Contemporary fiction
Yesteryear
Debut
by Caro Claire Burke
Quick take
A picture-perfect “tradwife” wakes up to a reality that looks nothing like her curated feed. Home sweet homestead?
Good to know
Psychological
Nonlinear timeline
Unlikeable narrator
Mama drama
Synopsis
My name was Natalie Heller Mills, and I was perfect at being alive.
Natalie lives a traditional lifestyle. Her charming farmhouse is rustic, her husband a handsome cowboy, her six children each more delightful than the last. So what if there are nannies and producers behind the scenes, her kitchen hiding industrial-grade fridges and ovens, her husband the heir to a political dynasty? What Natalie’s followers—all 8 million of them—don’t know won’t hurt them. And The Angry Women? The privileged, Ivy League, coastal elite haters who call her an antifeminist iconoclast? They’re sick with jealousy. Because Natalie isn’t simply living the good life, she’s living the ideal—and just so happens to be building an empire from it.

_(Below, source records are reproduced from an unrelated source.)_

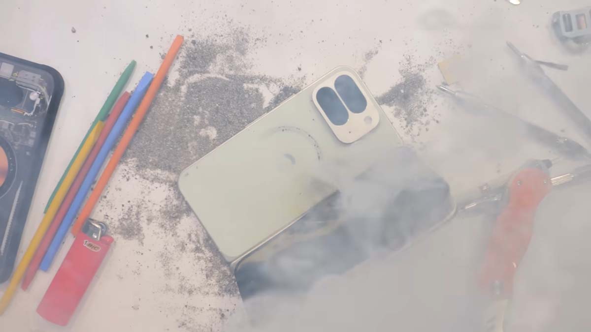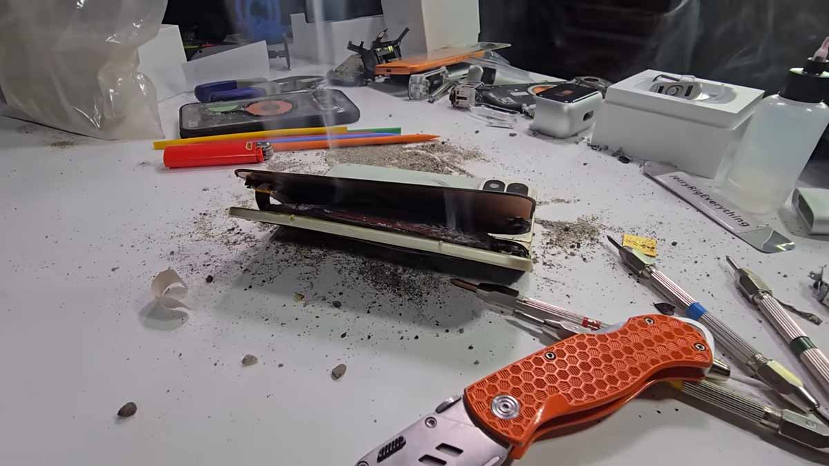 Khi Nelson tiếp tục tác động lực vào phần máy đã gãy, viên pin bên trong đột ngột phồng lên, quá nhiệt và bốc khói trắng dày đặc, đủ để kích hoạt hệ thống báo cháy trong phòng. Cuối cùng, chiếc điện thoại đắt tiền chỉ còn là một khối cháy đen trên bàn thử nghiệm.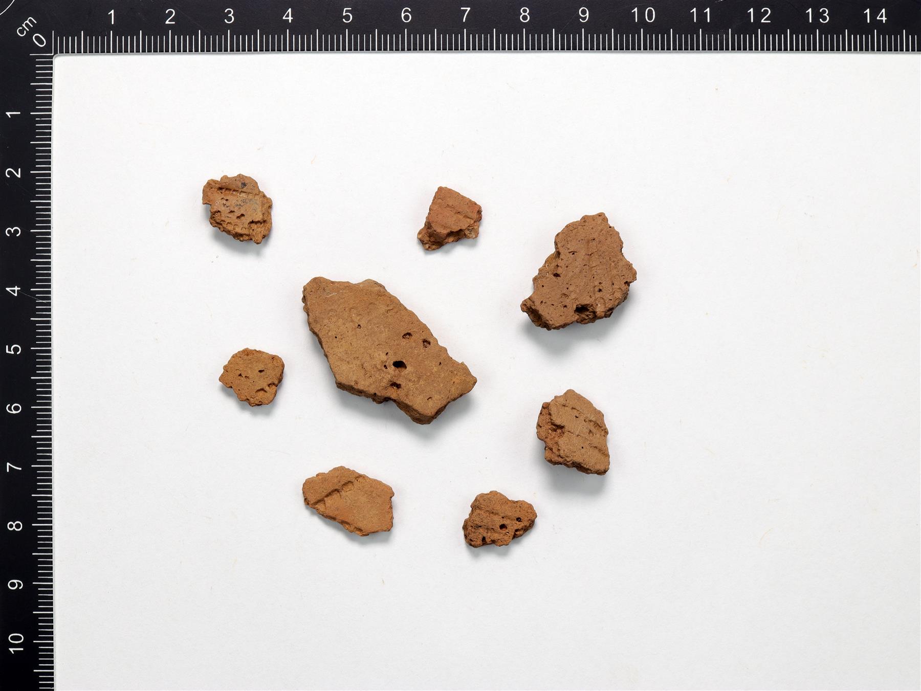 | Lohjenneita paloja, joissa on kampaleimakoristelua. Harmaanruskea savimassa. Sekoitteena orgaanista ainetta ja hiekkaa. | |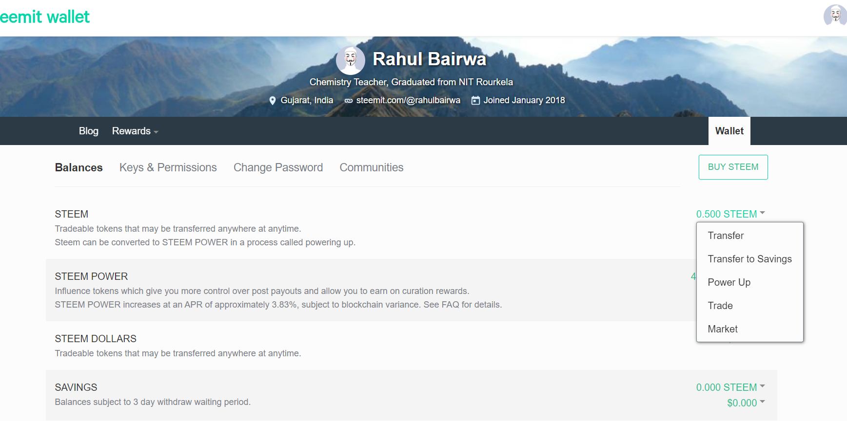 2.on highlighted steem option you will see an arrow pointing downward click on it.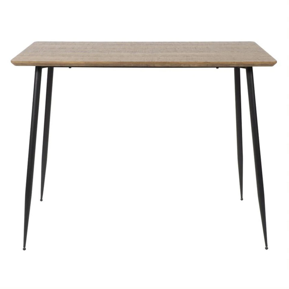Deze bartafel is uitgevoerd in MDF met een dun decorlaagje in eiken brownwash. Deze laag heeft bovendien een mooie 3D-structuur, waardoor het nauwelijks van echt hout is te onderscheiden. De tafel is voorzien van 4 tapse poten in zwart poedercoat.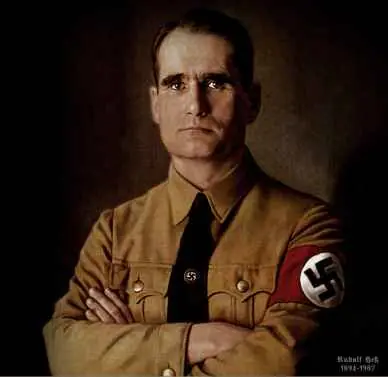 Alemán de origen egipcio. Incondicional apoyo de Hitler desde los inicios del partido nazi en 1919. Colaboró con el en la redaccion del libro "Mi Lucha". Lugarteniente personal de Hitler, parlamentario por el NSDAP en 1933, poco mas tarde jefe del Partido Nazi y segundo en el orden sucesorio del regimen hasta 1941 en que tras un enigmatico vuelo en solitario a Escocia en una mision de paz secreta cayó prisionero de los británicos. Juzgado en Nuremberg fue condenado a prision perpetua. Murio asesinado, segun se sospecha, en la prision de Spandau en 1987 a la edad de 93 años llevando su secreto a la tumba.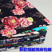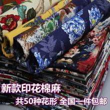 田园风民族风DIY手工布料面料中国风花卉服装亚麻印花棉麻布料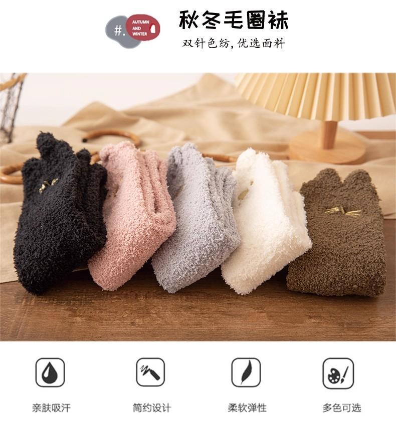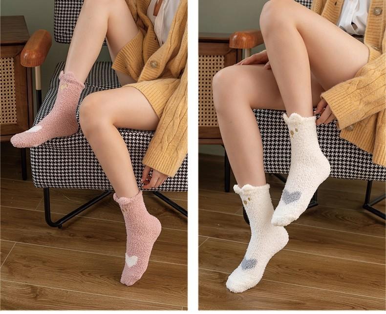 Calcetines de forro polar coral para mujer otoño e invierno calcetines de tubo medio más terciopelo gruesos cálidos calcetines de confinamiento para el hogar para dormir calcetines largos calcetines de piso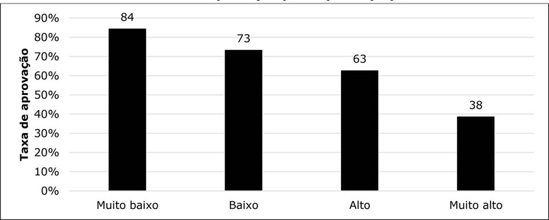 É possível identificar que a taxa de aprovação declina à medida que aumenta o impacto da proposta. Aquelas de impacto muito baixo tiveram aprovação de 84%; já as de impacto muito alto , 38%. Ou seja, propostas que demandavam internalização ou alocação de muitos recursos domésticos para sua consecução, mas que implicavam em maior importância para o processo de integração, tiveram menos chances de serem aprovadas. Isto é, nem chegaram a ser debatidas em instâncias superiores do Mercosul, já que não passaram sequer pelo SGT10.
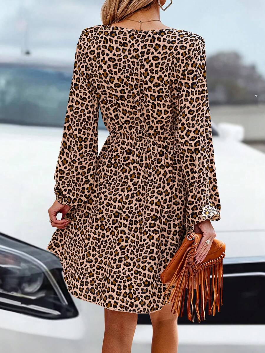 Confeccionado en 100% viscosa, este vestido de tela tejida sin elasticidad ofrece una caída ligera y fresca, ideal para un estilo relajado. Su diseño luce un elegante color caqui, realzado por un estampado de leopardo, estampado integral y estampado en textura, que aportan un aire moderno y desenfadado. Presenta un escote en cuello en ‘v’ o pico, manga larga de tipo obispo, línea A, talle alto, corte del bajo tipo campana, acompañado de detalle de volante fruncido, bajo con volante y fruncido, logrando una silueta femenina y dinámica. Tiene un ajuste regular, longitud corta y sin almohadillas en el sujetador. La prenda no tiene forro, no está forrada para aportar calidez y no es transparente. Puede cuidarse mediante lavado en lavadora o limpieza en seco profesional.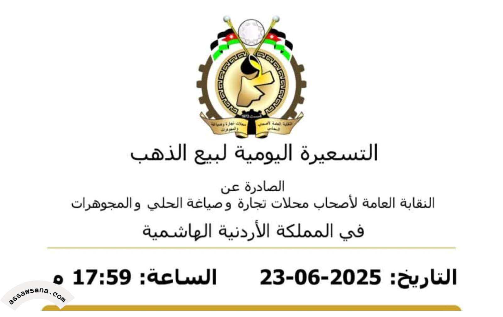 السوسنة - شهدت أسعار الذهب في السوق المحلي الأردني مساء الاثنين، 23 حزيران 2025، ارتفاعًا طفيفًا مقارنة بتسعيرة صباح اليوم الصادرة عن نقابة أصحاب محلات تجارة وصياغة الحلي والمجوهرات.

Until one morning she wakes up in a life that isn’t hers. Her home, her husband, her children—they’re all familiar, but something’s off. Her kitchen is warmed by a sputtering fire rather than electricity, her children are dirty and strange, and her soft-handed husband is suddenly a competent farmer. Just yesterday Natalie was curating photos of homemade jam for her Instagram, and now she’s expected to haul firewood and handwash clothes until her fingers bleed. Has she become the unwitting star of a ruthless reality show? Could it really be time travel? Is she being tested by God? By Satan? When Natalie suffers a brutal injury in the woods, she realizes two things: This is not her beautiful life, and she must escape by any means possible.
Content warning
This book contains scenes depicting domestic abuse.
Read a sample
Get an early look from the first pages of Yesteryear.
Why we chose it...
This provocative story digs deep into the roots of the “tradwife” movement, raising unexpected questions about gender, power, and nostalgia.
Whether you love her or love to hate her, Natalie Heller Mills is a character you won’t easily forget: the savage internal narrative behind her demure facade is dark comedy at its finest.
Part mystery, part contemporary fiction, this genre-bending novel has as many twists and turns as the rural dirt roads of its setting—we couldn’t stop trying (and failing) to guess the ending.